Background: Neurosurgery demands precise anaesthetic management to ensure immobility, smooth extubation, and rapid recovery. Sugammadex, a novel neuromuscular reversal agent, provides rapid and effective recovery from neuromuscular blockade. Aims and Objectives: This study aimed to compare the efficacy of 2 mg/kg Sugammadex in reversing neuromuscular blockade maintained with Rocuronium or Vecuronium infusion in patients undergoing elective neurosurgery. The primary objective was to compare the mean recovery time from the initiation of Sugammadex administration at the reappearance of TOF count 1 to achieving a train-of-four (TOF) ratio of 0.9. Secondary objectives included assessing side effects, hemodynamic changes, and signs of postoperative residual curarization (PORC).

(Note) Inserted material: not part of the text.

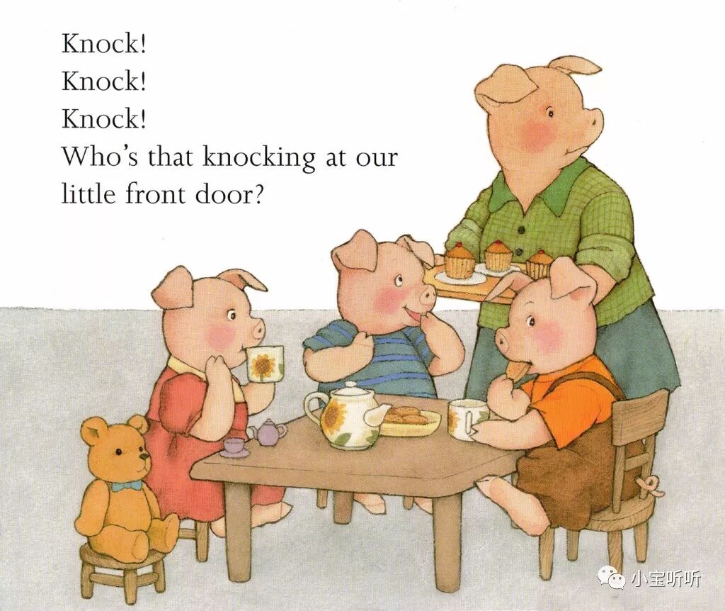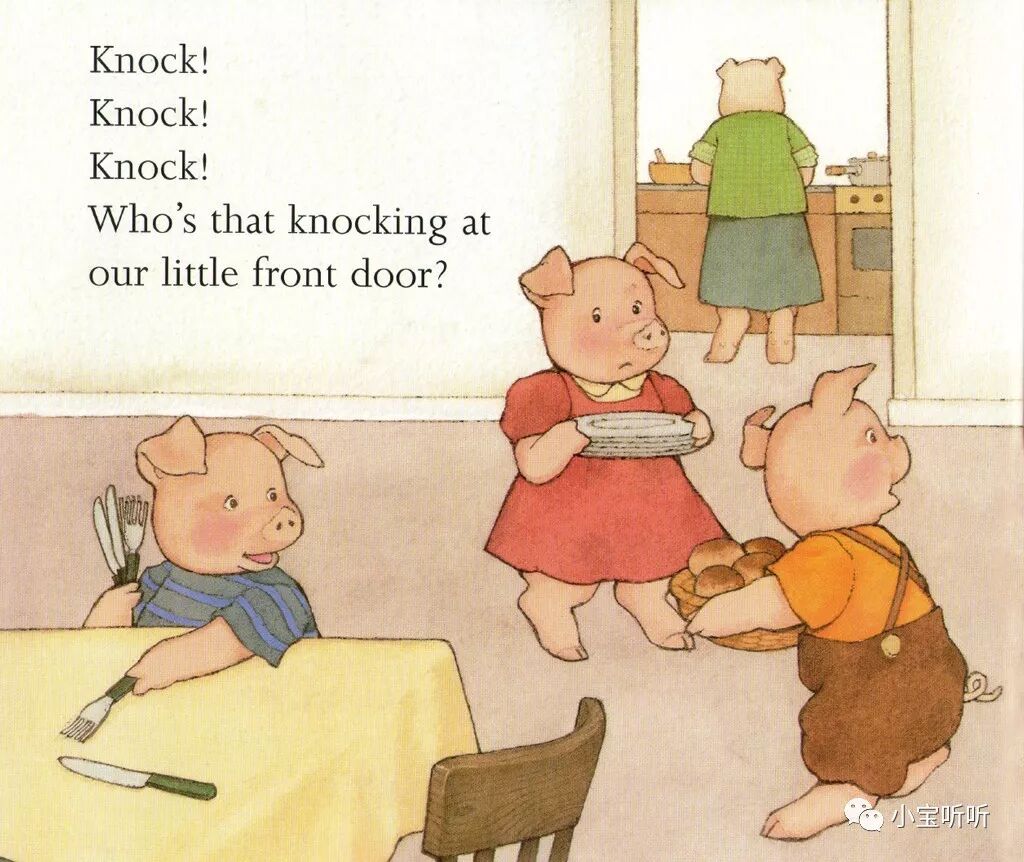 《Go Away Mr Wolf !》被称作是外国版的“小兔乖乖”,并且是经典的三只小猪智斗大灰狼。通过这个绘本,小朋友们可以学到一些日常生活用语。互动性很强,适合亲子扮演,一个扮演小猪,一个扮演大灰狼,就可以开始场景游戏了,一边玩儿,一边就把故事里的句子掌握了,是磨耳朵的最佳读物!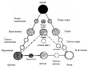 Различное сочетание указанных трех групп веществ определяет большое разнообразие почвенных цветов и оттенков. Для цветовых определений С.А.Захаров предложил треугольник цветов (рис. 5).

Materials and Methods: In this prospective, randomized, double-blinded study, 60 patients scheduled for elective neurosurgery were divided into two groups: Group RS (Rocuronium infusion, n = 30) and Group VS (Vecuronium infusion, n = 30). At the end of surgery, all patients received Sugammadex 2 mg/kg for neuromuscular blockade reversal. The mean recovery time, incidence of PORC, postoperative respiratory complications, side effects, and hemodynamic changes following Sugammadex administration were compared between the groups. Results: The mean recovery time to achieve a TOF ratio of 0.9 after Sugammadex administration was 130.16 ± 26.07 seconds in Group RS and 139.33 ± 33.13 seconds in Group VS. The difference was statistically insignificant (p = 0.238). There were no incidences of PORC or postoperative respiratory complications in either group. Side effects and hemodynamic parameters were comparable and statistically insignificant between the groups. Conclusion: A dose of 2 mg/kg Sugammadex is equally effective for reversing Rocuronium- and Vecuronium-induced neuromuscular blockade in elective neurosurgery. It demonstrates a favourable safety profile with no significant side effects in either group.